The Populist movement bore a striking resemblance to the Union movement in the big cities;however it was comprised primarily of farmers. Their primary response was perhaps best expressed in the words of Mary Elizabeth Kennedy Lease who told farmers they should "raise less corn and more hell." Another spokesman was "Sockless" Jerry Simpson, who had lost a child in a farming accident and ran for Congress thereafter. He argued that the race was between "the robbers and the robbed." and mocked his opponent (a Republican) as a patsy of rich interests. When he criticized his opponent for "soft hands and silk socks," the opponent retorted that silk socks were better than no socks at all. Rather than hurt Simpson, it became his trademark slogan.
The Party held a national convention in 1891 and adopted a platform of free and unlimited coinage of silver at a ratio of 16:1 to gold; an eight hour work day and graduated income tax; and nationalization of the railroads, who were considered the chief of the "robber barons."
The chief spokesmen for the Populist movement was a Democrat, William Jennings Bryan, who ran for President three times. He gained his reputation with a famous speech demanding free and unlimited coinage of silver and relief from the oppression of big business:
I come to speak to you in defense of a cause as holy as the cause of liberty—the cause of humanity. . . . We have petitioned, and out petitions have been scorned.
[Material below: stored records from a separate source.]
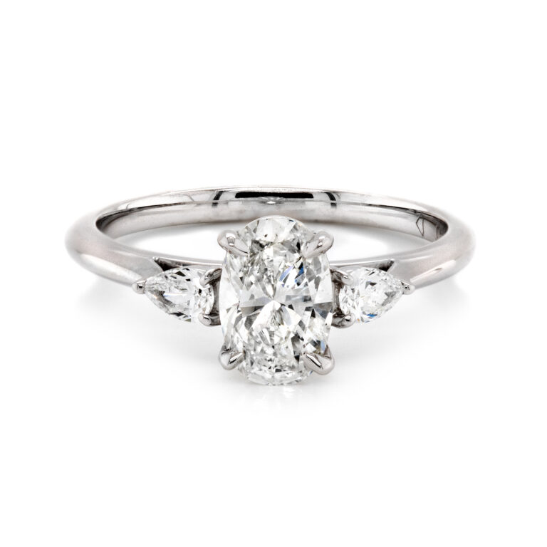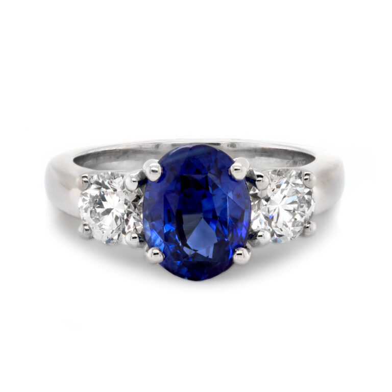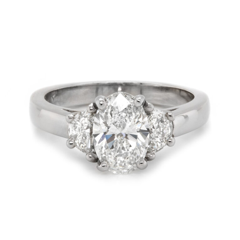 This beautiful three-stone platinum engagement ring features an oval diamond…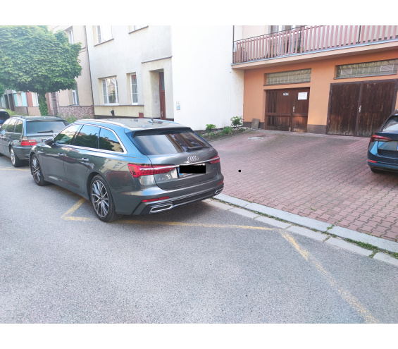 Značka/model: Audi/A6 Město: Pardubice Ulice: - Komentář autora: Zablokování 2 garáží a jednoho parkovacího místa, stání na žluté čáře, kde je parkování zakázáno. Problém téměř každý den..
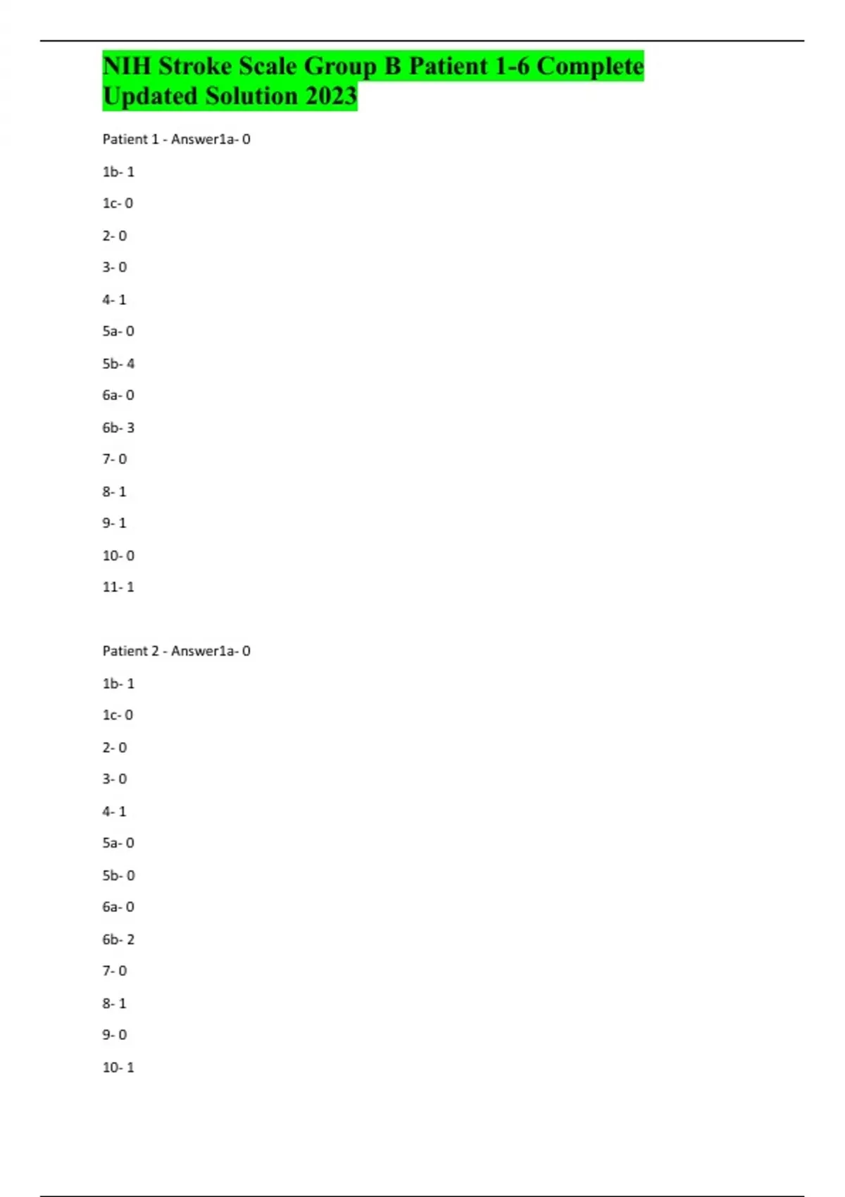 NIH Stroke Scale Group B Patient 1-6 Complete Updated Solution 2023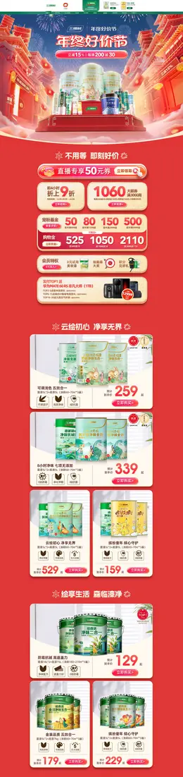 三棵树 油漆 家装建材 装修装饰 年终好价节 双12 大促活动首页设计
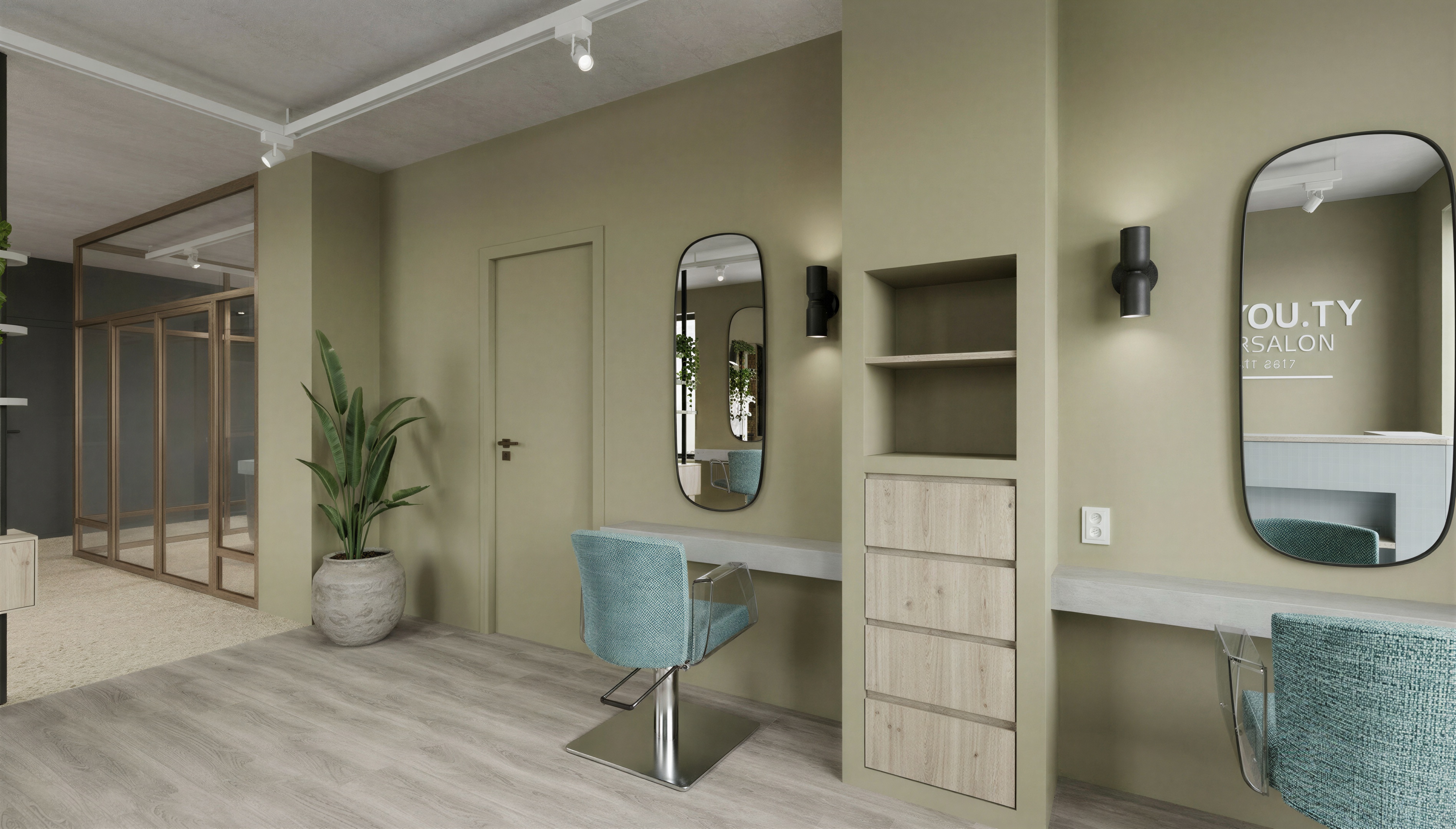 a precise edit of image 0 png where the central oval mirror above the left console has been restored to remove any view of an external window this mirror now reflects only the interior details of the salon directly opposite it specifically it should show the olive green wall a portion of the opposite built in light wood shelf unit and perhaps a small detail of a light fixture or the very edge of the other right side chair and console all consistent with the perspective all other elements from image 0 png must remain identical the olive green walls the wood floor the track lighting the left potted plant the left teal chair the console shelf the door the right side vanity with its text mirror you ty beauty salon est 2017 and chair the wall sconces the glass partition with its wood frame and the power outlet the overall lighting and color palette must be preserved the central reflection in the left mirror is now clean and purely interior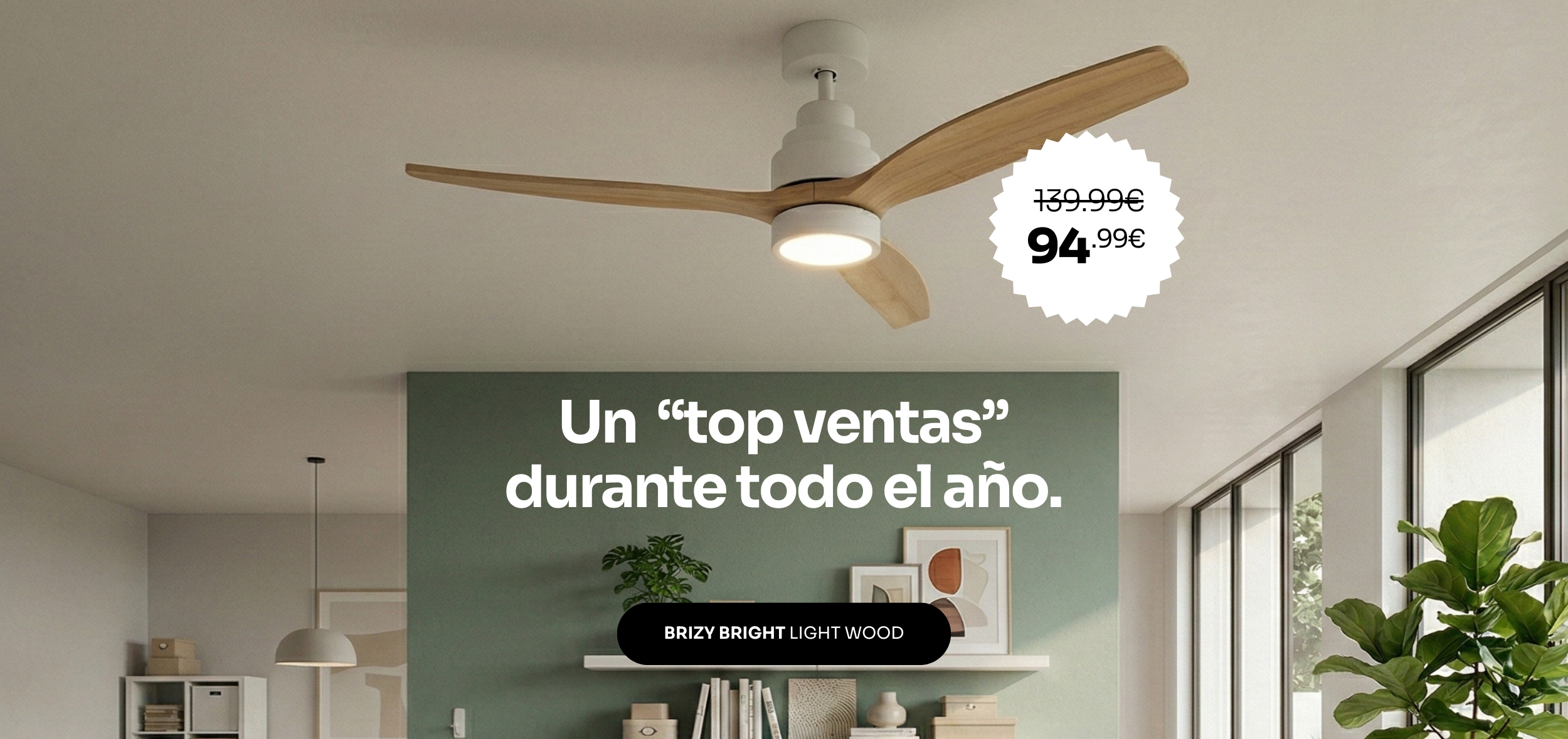 Ventilador de techoEn stockPrecio habitual 94,99 €Precio habitualPrecio unitario / por139,99 €- 32%Precio de oferta 94.99 €Oferta -

We have entreated, but our entreaties have been disregarded. We have begged, and they have mocked when our calamity came. We beg no longer, we entreat no more; we petition no more. We defy them!
Having behind us the producing masses of this nation and the world, supported by the commercial interests, the laboring interests, and the toilers everywhere, we will answer their demand for a gold standard by saying to them: You shall not press down upon the brow of labor this crown of thorns; you shall not crucify mankind upon a cross of gold.